“Who gits it, Mars Tom?”
“Why, we do.”
“En who gits de apology?”
“The United States. Or, we can take whichever we please. We can take the apology, if we want to, and let the gov’ment take the money.”
“How much money will it be, Mars Tom?”
“Well, in an aggravated case like this one, it will be at least three dollars apiece, and I don’t know but more.”
“Well, den, we’ll take de money, Mars Tom, blame de ’pology. Hain’t dat yo’ notion, too? En hain’t it yourn, Huck?”

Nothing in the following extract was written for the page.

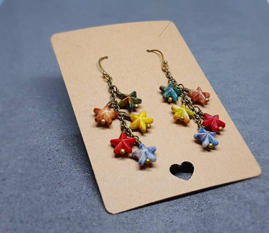 Star Earrings, Hypoallergenic Ear Wires, Fall Earrings, Choice of Ear Wires, Multicolored Stars, Autumnal, Boho Jewelry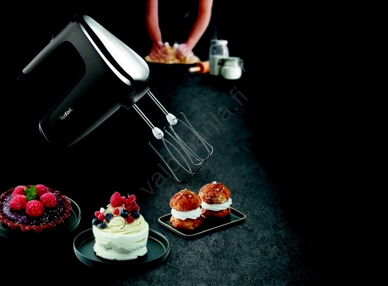 • Pakkauksessa on sekä sekoitus- ja vatkauspiikit että ruostumattomasta teräksestä valmistetut taikinakoukut.

We talked it over a little and allowed that that was as good a way as any, so we agreed to take the money. It was a new business to me, and I asked Tom if countries always apologized when they had done wrong, and he says:
“Yes; the little ones does.”
We was sailing around examining the pyramids, you know, and now we soared up and roosted on the flat top of the biggest one, and found it was just like what the man said in the Sunday-school. It was like four pairs of stairs that starts broad at the bottom and slants up and comes together in a point at the top, only these stair-steps couldn’t be clumb the way you climb other stairs; no, for each step was as high as your chin, and you have to be boosted up from behind. The two other pyramids warn’t far away, and the people moving about on the sand between looked like bugs crawling, we was so high above them.